The bounding box delimits the geographic extent.
```{r eval=verify_galax_records}
rq_input <- list("scientificname"=list("type"="exists"),
"family"="Diapensiaceae",
geopoint=list(
type="geo_bounding_box",
top_left=list(lon = -98.16, lat = 48.92),
bottom_right=list(lon = -64.02, lat = 23.06)
)
)
```
Search using the input you just made
```{r eval=verify_galax_records}
diapensiaceae_records_USA <- idig_search_records(rq_input, limit=1000)
```
## Download Media Records
To download media records from the Media API, we will use the function `idig_search_media()`. Here the `rq`, or record query, indicates we want to download all the records where the `scientificname` is equal to [Galax urceolata](https://en.wikipedia.org/wiki/Galax).
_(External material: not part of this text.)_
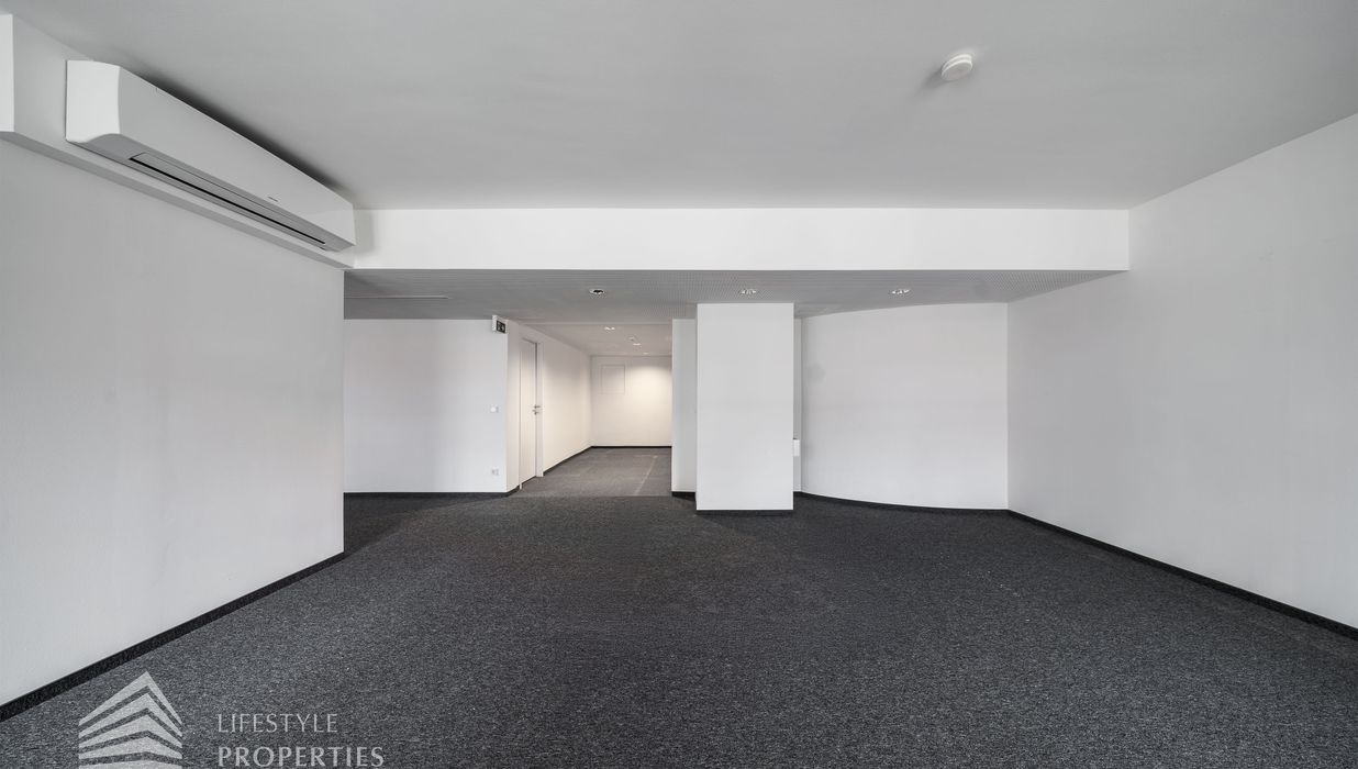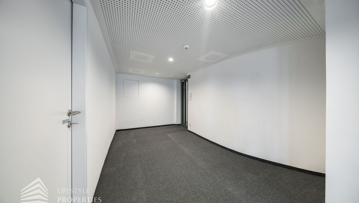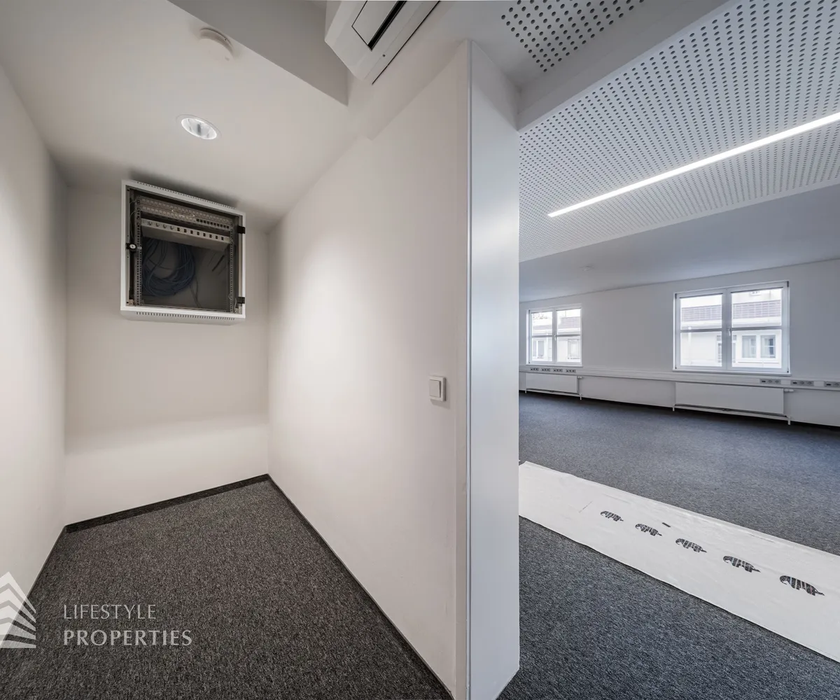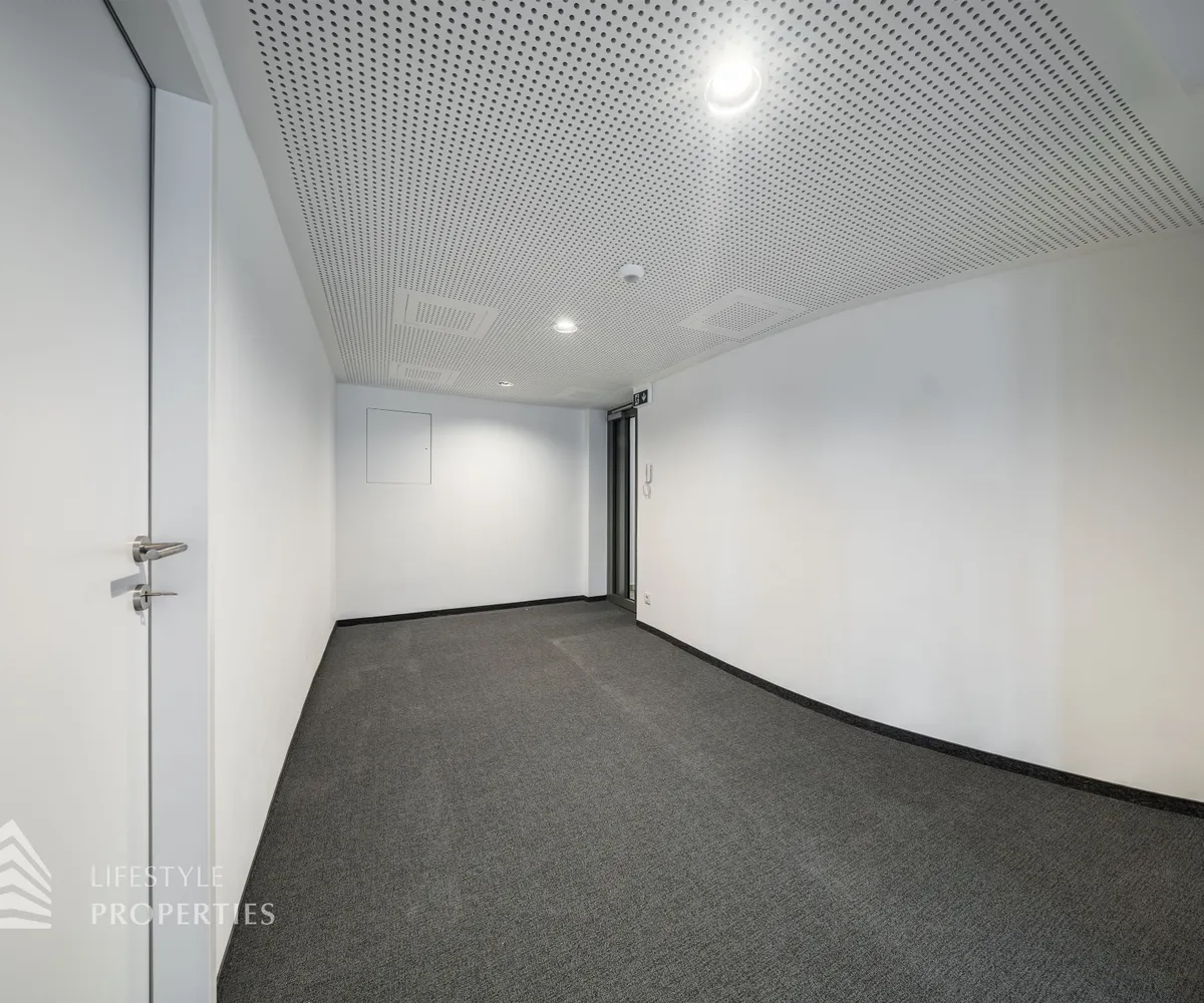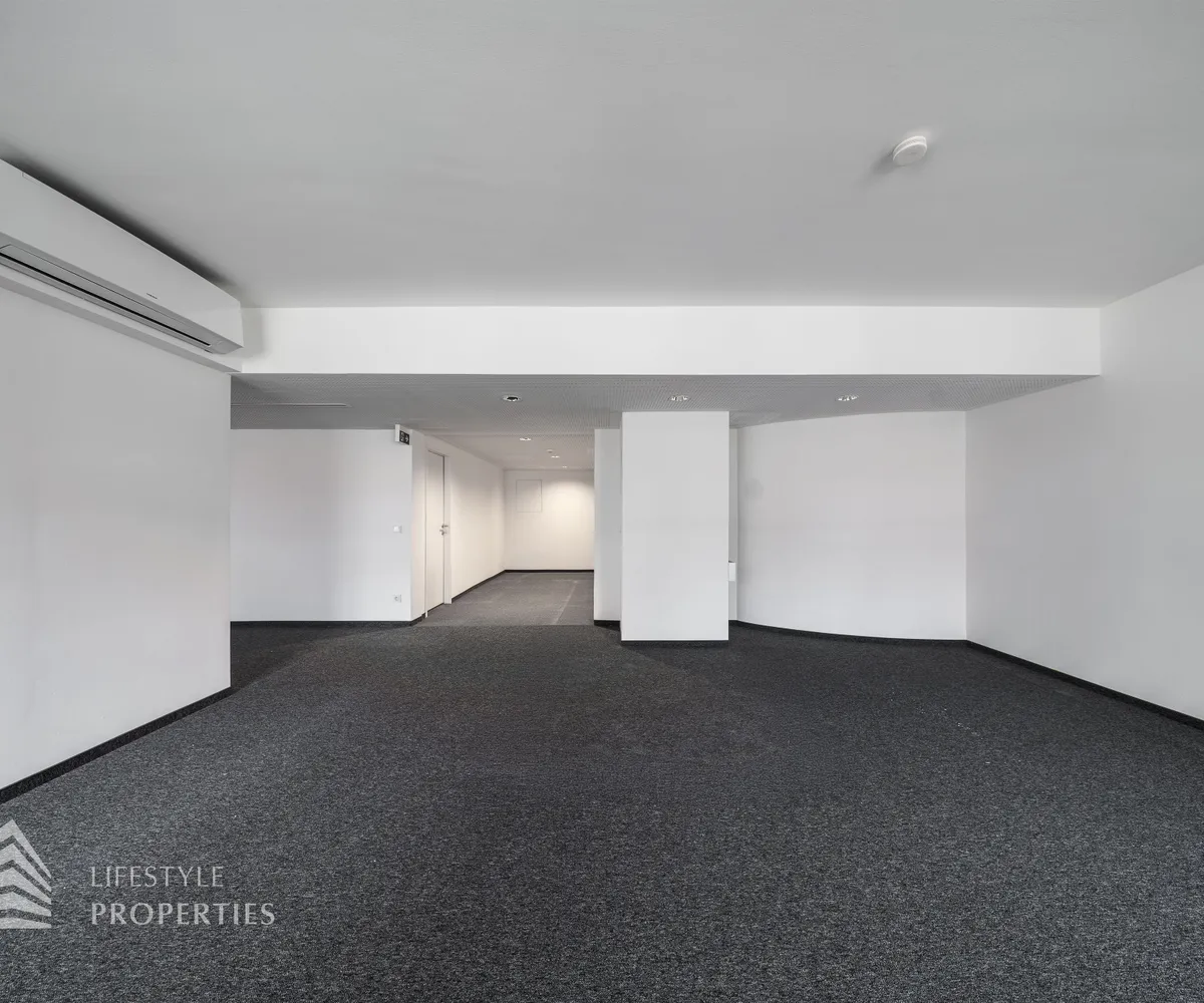 Beim Betreten des Büros befindet sich der ca. 16 m² große Empfang. Rechts beim Eingang befinden sich die Toiletten für die Damen und Herren. Durch einen ca. 37 m² langen Gang gelangt man zu den einzelnen Büroräumen. Auf der rechten Seite des Ganges befindet sich ein Serverraum, ein Sozialraum mit einer Teeküche und ein Abstellraum. Die Fläche des Heizraumes wird auf vier Einheiten aufgeteilt.

```{r eval=verify_galax_records}
galax_media <- idig_search_media(rq=list(scientificname="Galax urceolata"))
```
```{r eval=verify_galax_records}
colnames(galax_media)
```
When fields are not specified, default columns include the following:
| Column | Description |
|---------------|---------------------------------------------------------|
| accessuri | Unique identifier for a resource, |
| datemodified | date last modified, which is assigned by iDigBio |
| dqs | data quality score assigned by iDigBio |
| etag | tag assigned by iDigBio |
| flags | data quality flag assigned by iDigBio |
| format | media format, |
| hasSpecimen | TRUE or FALSE, indicates if there is an associated record for this media |
| licenselogourl | media license, ) |
| mediatype | media object type |
| modified | date modified, |
| recordids | list of UUID for associated records |
| records | UUID for the associated record. Use this field to connect Record downloads with Media downloads |
| recordset | indicates the iDigBio recordset the observation belongs too! |
| rights | media rights, |
| tag | general keywords or tags, |
| type | media type, |
| uuid | Universally Unique IDentifier assigned by iDigBio |
| version | media record version assigned by iDigBio |
| webstatement | media rights, |
| xpixels | as defined by EXIF, x dimension in pixel |
| ypixels | as defined by EXIF,y dimension in pixels |
### More ways to search
The media search above retained `r tryCatch({if(nrow(galax_media)) nrow(galax_media) else "N/A"}, error = function(e){cat("error in vignette: ", e$message)})` rows, however some of these observations do not have information in the `accessuri` field. To only obtain records with `acessuri`, we indicate we only want records where `data.ac:accessURI` exist, by setting `mq`, or media query, as followed:
```{r eval=verify_galax_records}
galax_media2 <- idig_search_media(rq=list(scientificname="Galax urceolata"),
mq=list("data.ac:accessURI"=list("type"="exists")))
```
Now we have `r tryCatch({if(nrow(galax_media2)) nrow(galax_media2) else "N/A"}, error = function(e){cat("error in vignette: ", e$message)})` observations with `accessuri`!